▶ **What is expected**
Pictures stay out of the copy. Repeat exactly the lines from the first entry below through the line that contains "Ob mehr Energie", and nothing beyond.

▶ **Records provided**

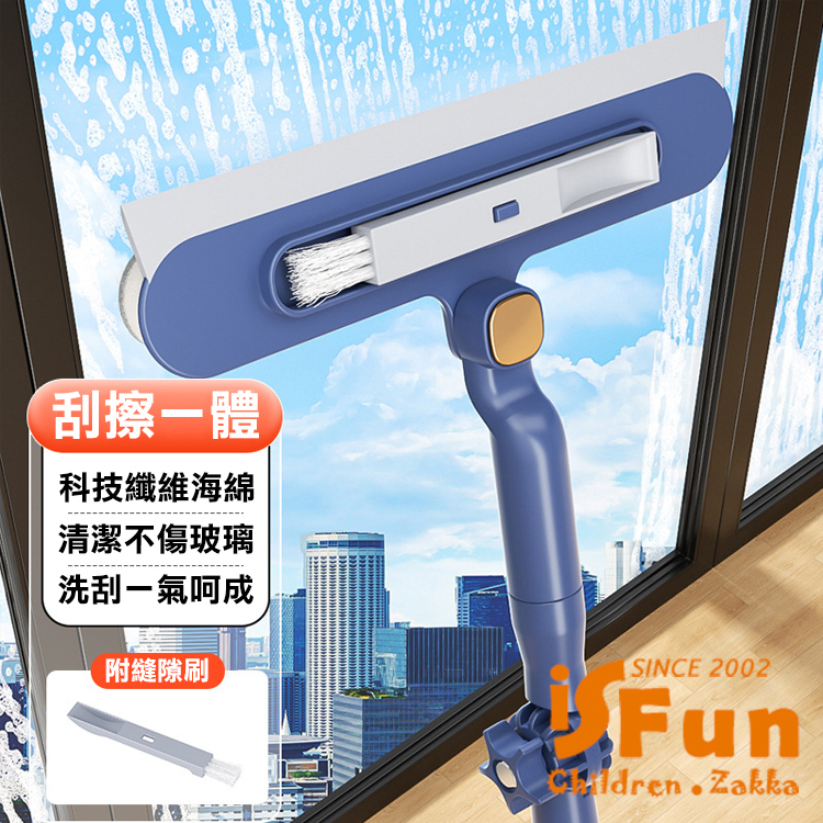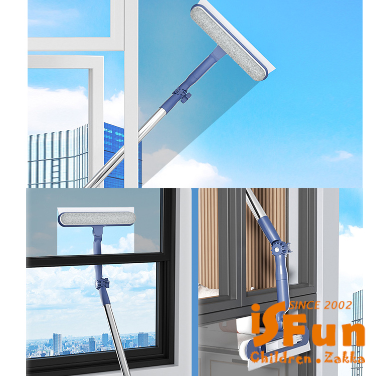 【iSFun】清潔神器 多功能可調角度窗戶玻璃清潔刷1.2米/藍
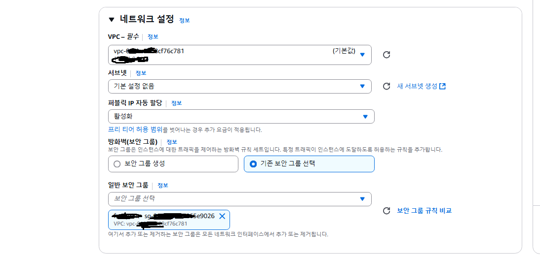 아까 키페어 설정까지 했으니 그 아래를 보면 사진처럼 네트워크 설정이 있다. 이때 방화벽탭에서 기본적으로 <보안 그룹 생성>으로 선택되어 있을 텐데 이것을 <기존 보안 그룹 선택>으로 변경한 뒤 방금 생성한 보안 그룹을 선택해 주자.
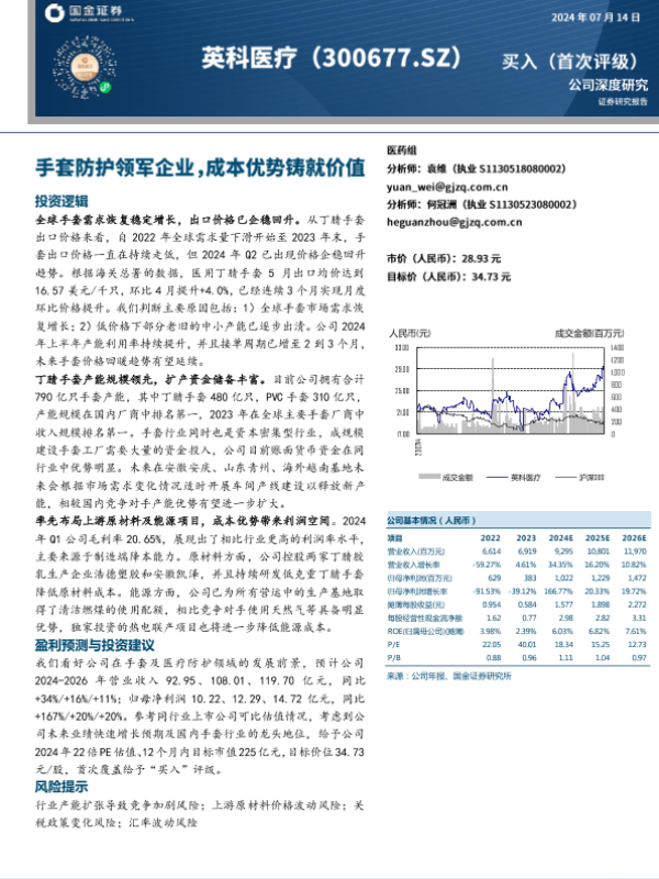 【国金证券】【20240714】英科医疗:手套防护领军企业,成本优势铸就价值-21页 行业研究
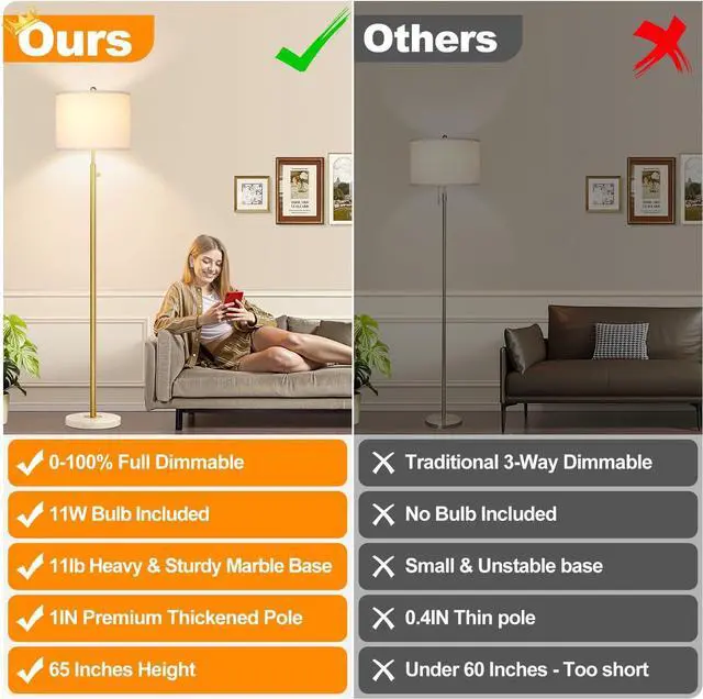 1000-Lumen 11W Bulb Included: Our gold floor lamp comes with an E26 base bulb (2700K warm white) with a lifespan of 25, 000 hours, saving up to 90% energy. The reading floor lamp is also high brightness up to 1000 lumen, making it perfect for reading and studying while protecting your eyes from flickering light. It is also compatible with other E26 base bulbs, as long as the wattage is below 60W
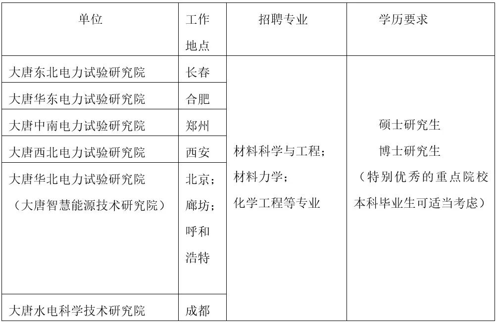 二、中国大唐集团科学技术研究总院有限公司2023年毕业生招聘公告
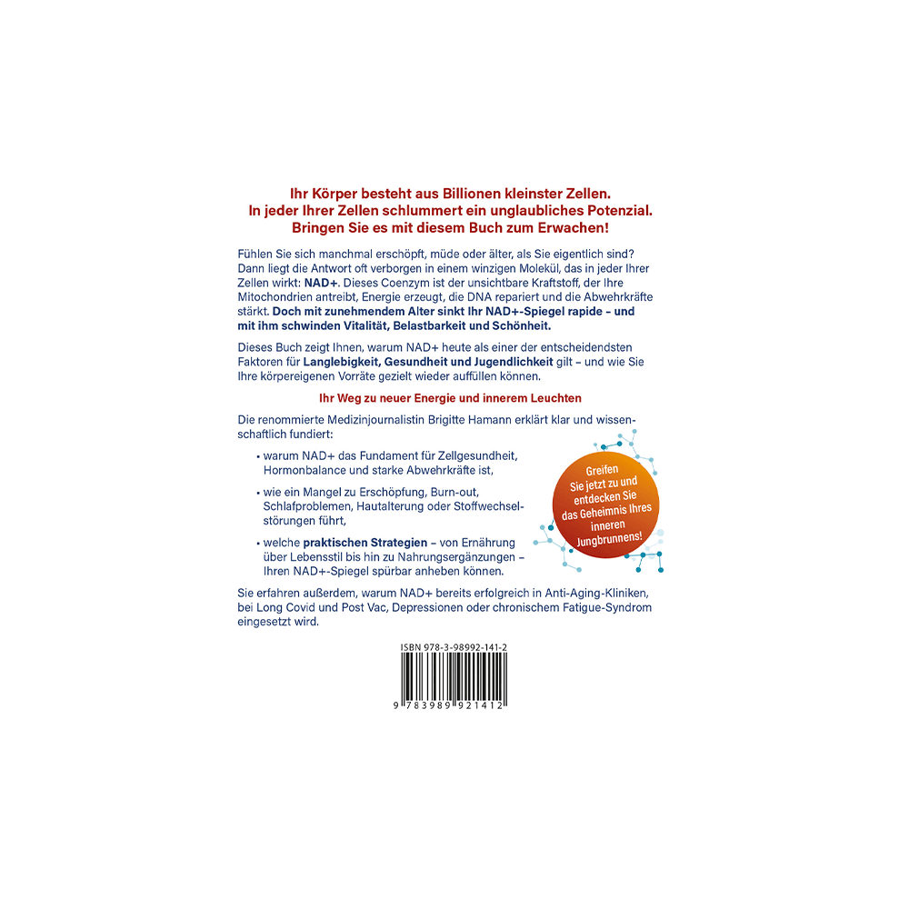 Ob mehr Energie im Alltag, bessere Konzentration, straffe Haut oder ein starkes Herz: NAD+ ist der zentrale Schalter für Vitalität. Dieses Buch führt Sie Schritt für Schritt durch die faszinierende Welt der Zellenergie – und zeigt, wie Sie aktiv Einfluss auf Ihre biologische Uhr nehmen können.
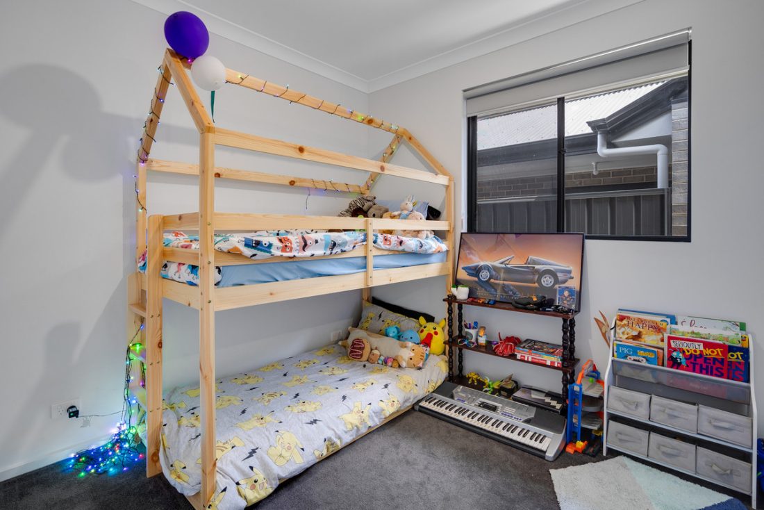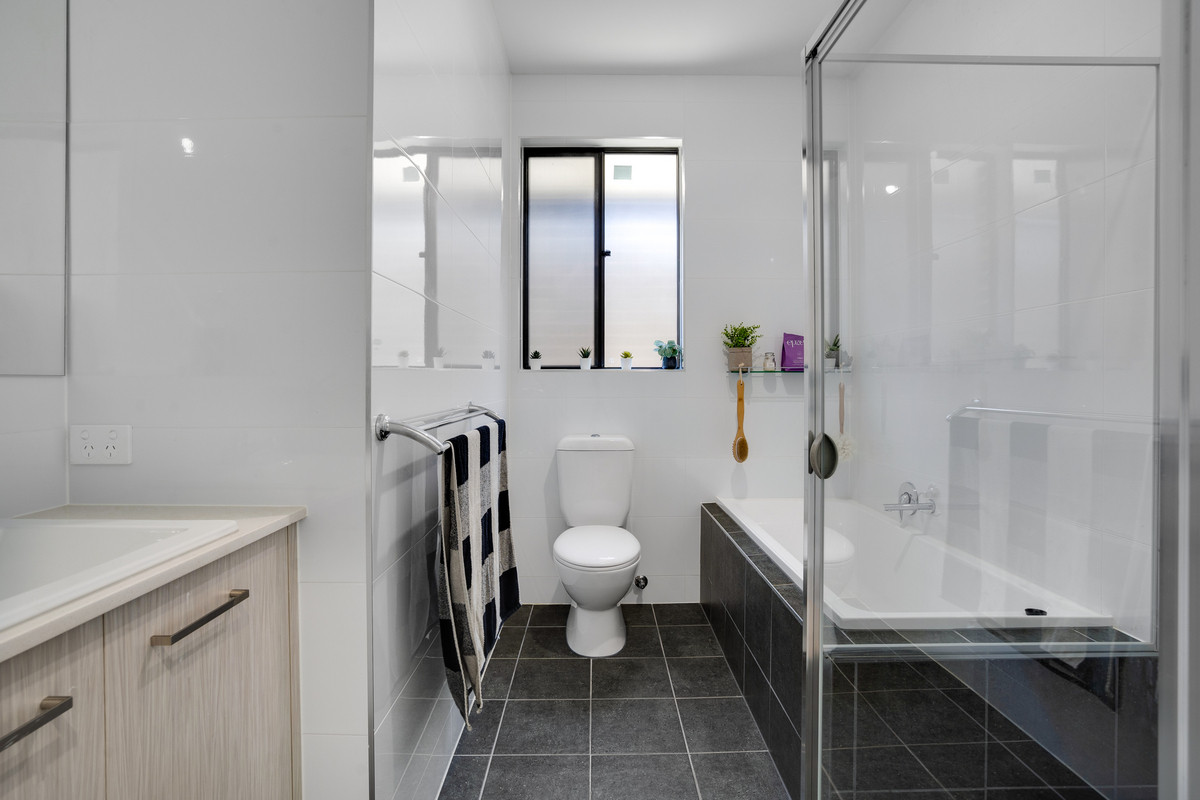 The master bedroom offers a calm ambiance overlooking the rear yard, complete with a large built-in robe and a private ensuite. Two additional bedrooms, each with plush carpeting and built-in robes, provide ample space for family members or guests. The floor to ceiling tiled main bathroom is a haven of relaxation, featuring a large built-in bath and modern fixtures. Outside, the grassed and concreted outdoor area awaits your personal touch, offering the perfect space for outdoor dining or recreation.

▶ **Result for this task**
 【iSFun】清潔神器 多功能可調角度窗戶玻璃清潔刷1.2米/藍
 아까 키페어 설정까지 했으니 그 아래를 보면 사진처럼 네트워크 설정이 있다. 이때 방화벽탭에서 기본적으로 <보안 그룹 생성>으로 선택되어 있을 텐데 이것을 <기존 보안 그룹 선택>으로 변경한 뒤 방금 생성한 보안 그룹을 선택해 주자.
 【国金证券】【20240714】英科医疗:手套防护领军企业,成本优势铸就价值-21页 行业研究
 1000-Lumen 11W Bulb Included: Our gold floor lamp comes with an E26 base bulb (2700K warm white) with a lifespan of 25, 000 hours, saving up to 90% energy. The reading floor lamp is also high brightness up to 1000 lumen, making it perfect for reading and studying while protecting your eyes from flickering light. It is also compatible with other E26 base bulbs, as long as the wattage is below 60W
 二、中国大唐集团科学技术研究总院有限公司2023年毕业生招聘公告
 Ob mehr Energie im Alltag, bessere Konzentration, straffe Haut oder ein starkes Herz: NAD+ ist der zentrale Schalter für Vitalität. Dieses Buch führt Sie Schritt für Schritt durch die faszinierende Welt der Zellenergie – und zeigt, wie Sie aktiv Einfluss auf Ihre biologische Uhr nehmen können.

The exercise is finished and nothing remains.